7 May 2004
BERLIN – After a week of growing tensions over the government’s immigration reforms, Chancellor Gerhard Schroeder’s ruling Social Democrat-Green Party is planning to make what could a last-ditch effort to gain opposition support for the changes.
In the wake of moves by the Green Party to pull out of the negotiations with the conservative-led opposition over the new immigration law, Schroeder is to hold talks with opposition leaders to try to establish whether an agreement was possible.
This follows a round of coalition talks in Berlin Thursday and Friday aimed at trying to break the deadlock over the new immigration law that was introduced into parliament more than two years ago.
But the Christian Democrat-led opposition blocked the reforms in the upper house of parliament, the Bundesrat, where it has a majority, resulting in the new laws being dispatched to a special parliamentary mediation committee where they have languished ever since.
Since then, 12 rounds of talks between the government and the opposition have failed to break the impasse over the laws.
The latest obstacle in the marathon negotiations on the immigrations reforms has been the opposition’s insistence that the security provisions for detaining foreign extremists and terrorists should be toughened up.
While the government has agreed to the request, the Greens originally had rejected it claiming that the opposition was trying to make political capital out of the talks and a result of the dispute walked out of the talks. They have since agreed to return to the talks.

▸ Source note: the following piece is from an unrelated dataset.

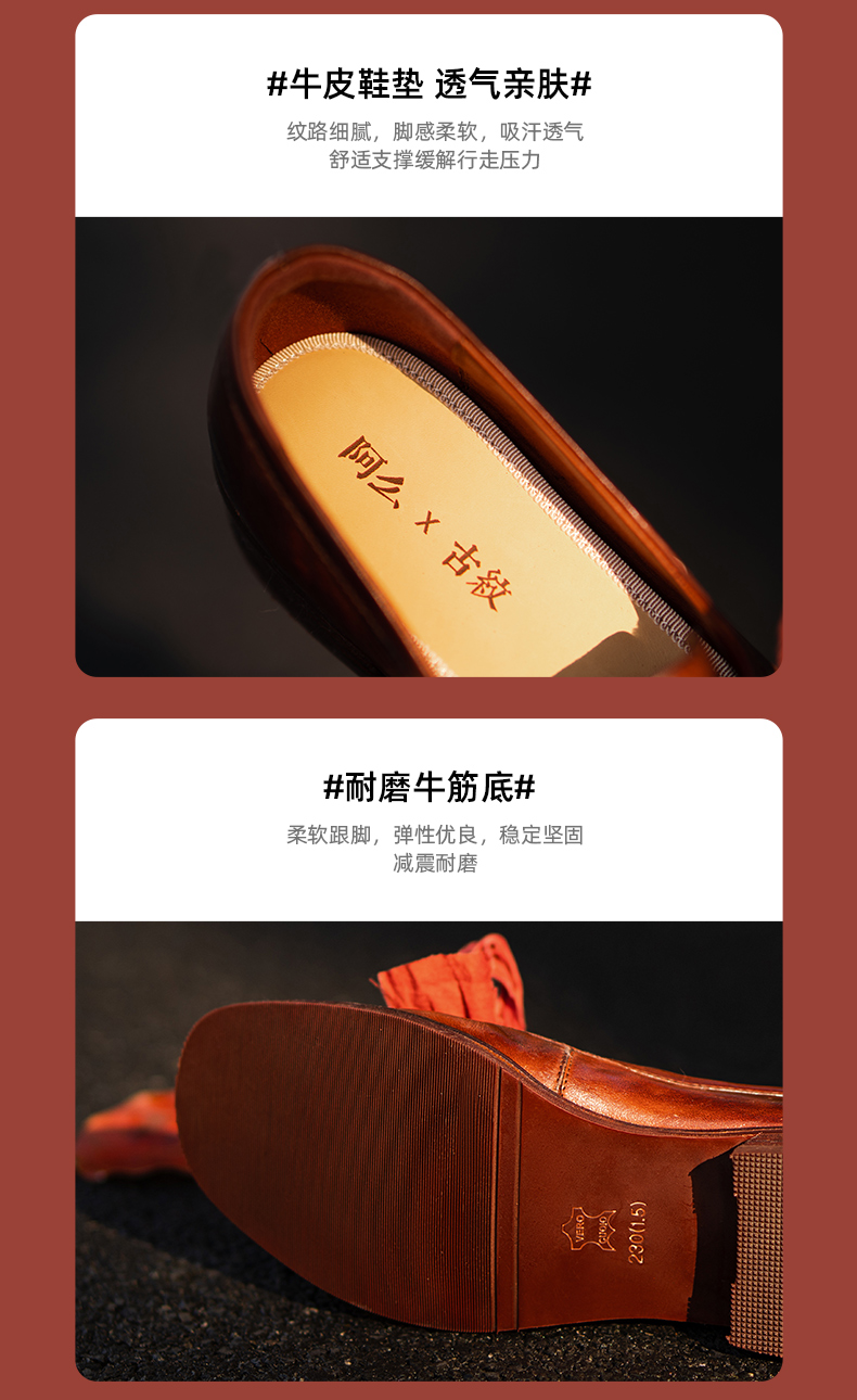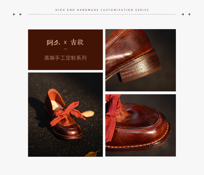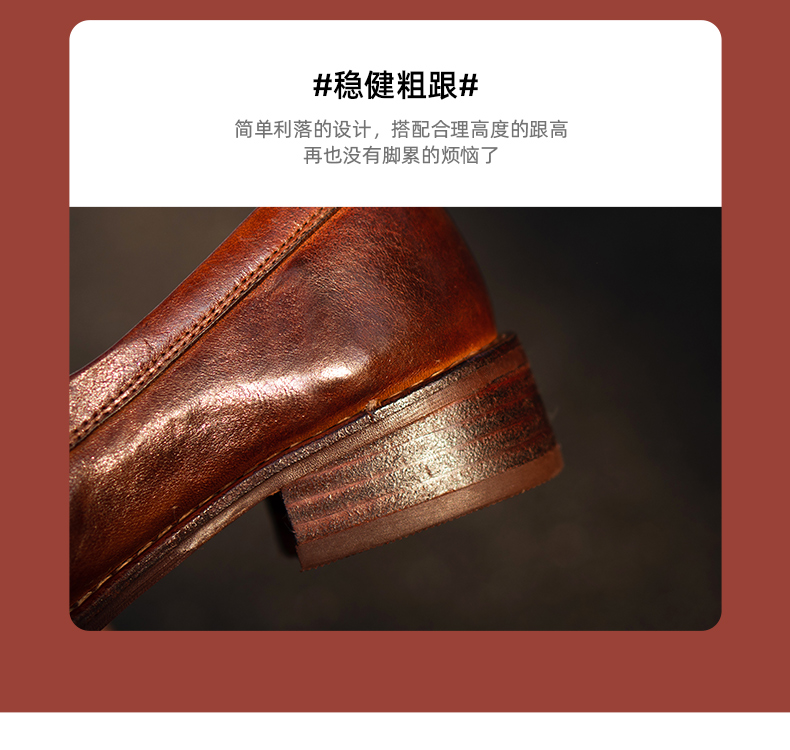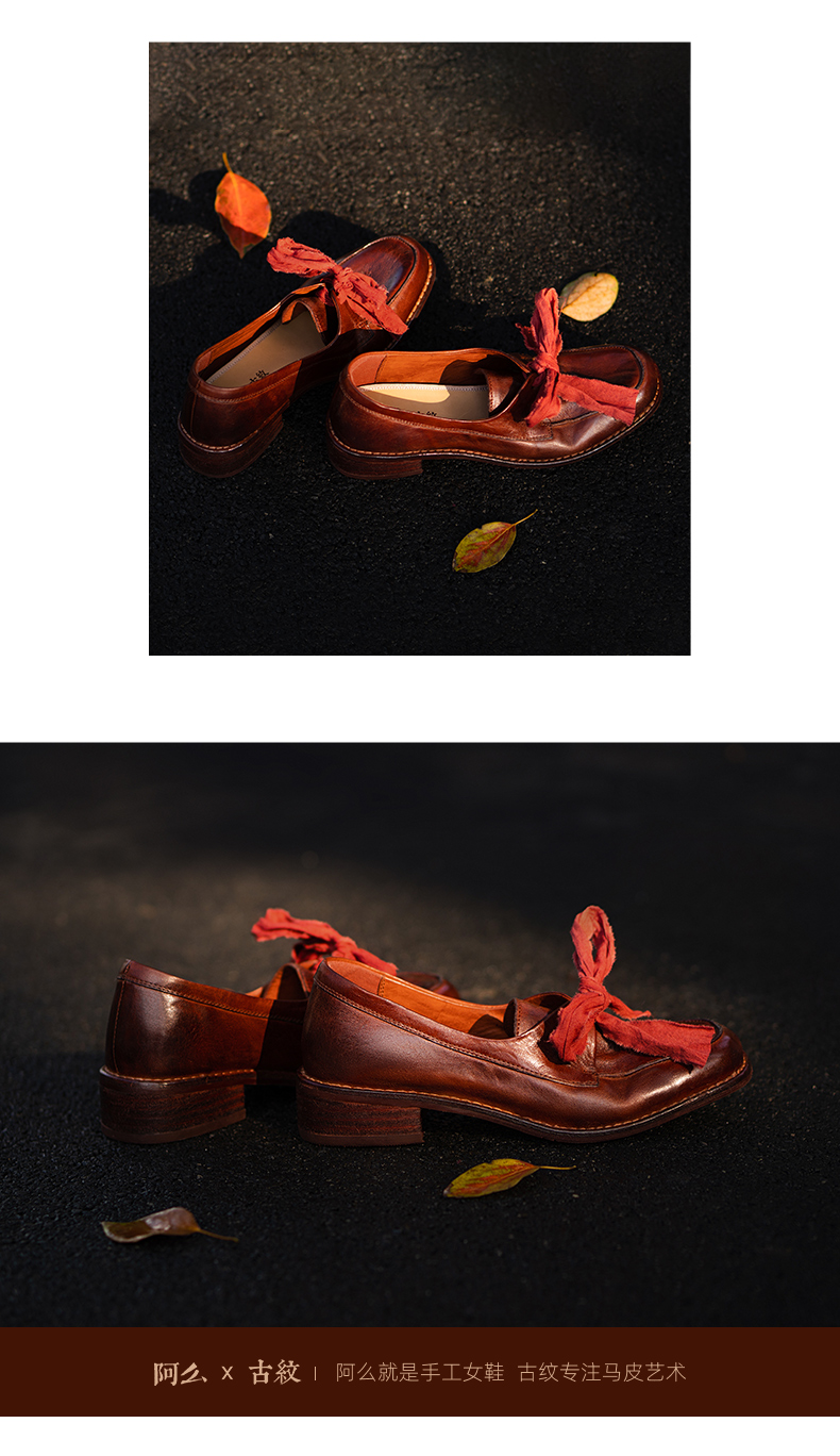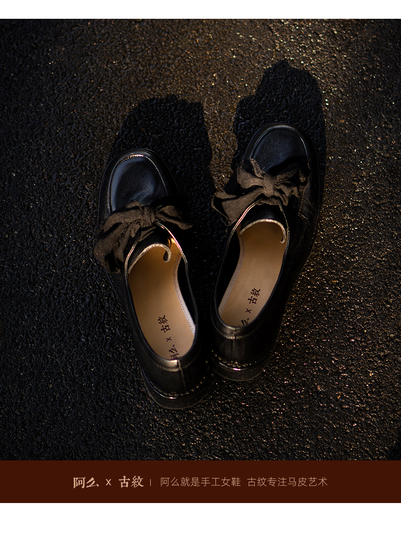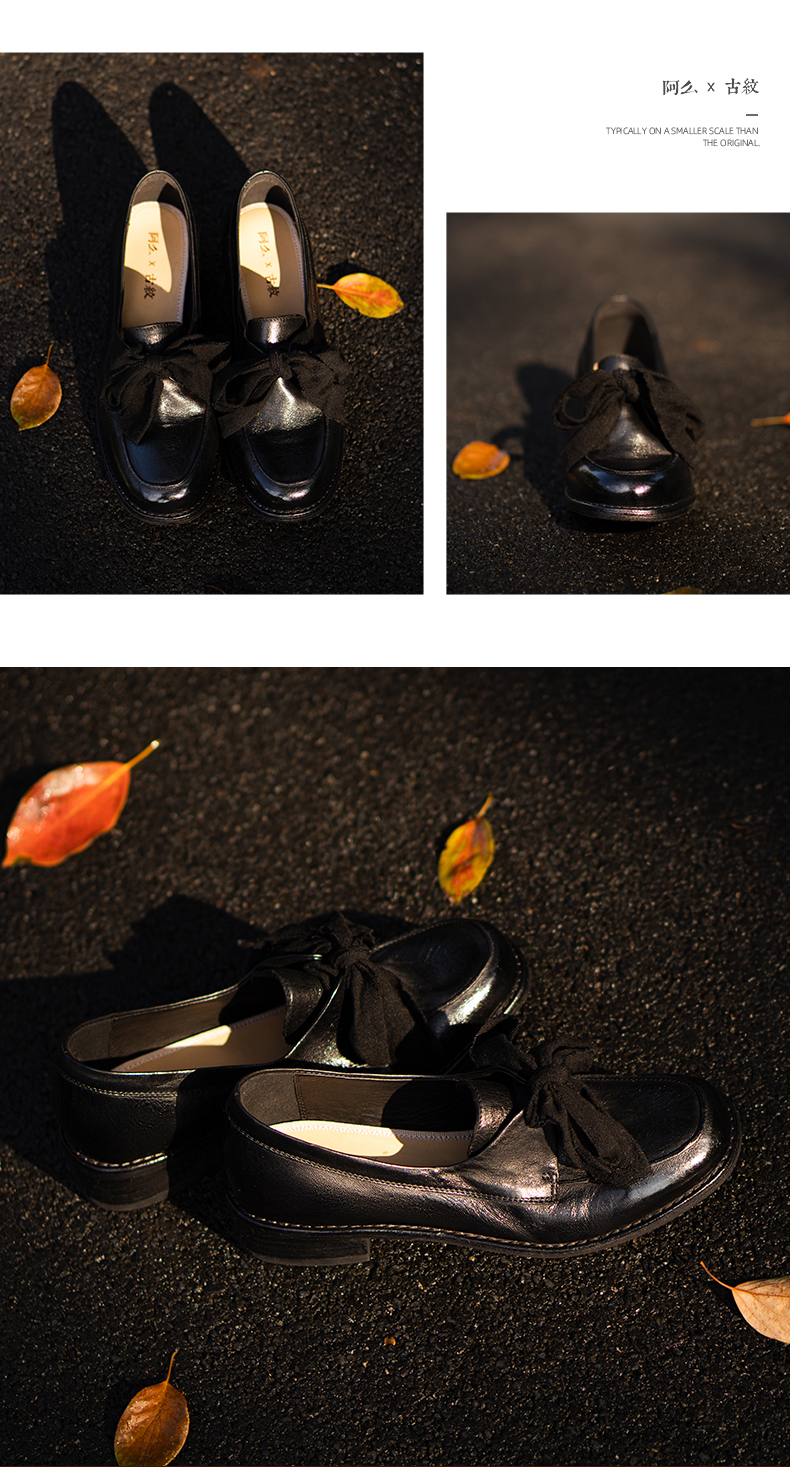 【阿么古纹马皮鞋】高级感绑带休闲单鞋新款粗跟复古乐福鞋女3.5CM

Widely supported by German business, the law represent another step in the opening up the nation’s labour market to foreign workers with the reforms aimed at people from non-European Union nations.
About 7.3m foreigners live in Germany, representing about 9 percent of the population, which the highest proportion in the European Union. Germany, however, lacks immigration laws, which would allow it to regulate the flow of skilled workers into the nation.
The proposed immigration reforms, which would bring German laws into line with nations such as Canada and Australia, follows Berlin’s moves to liberalise Germany’s antiquated citizenship laws and the introduction of a US-style Green Card to encourage skilled labour to come of the country.
Indeed, German business sees the new immigration laws as a way of helping to meet skilled labour shortages in the nation.
Germany’s shortages of skilled labour, however, comes at a time when the country has been hit by high unemployment, which have also made the immigration reforms unpopular in the electorate.
Faced with soaring deficits across its welfare system and a rapidly agreeing population, Germany also needs to consider drawing in immigrants as a way of addressing problems in its social state.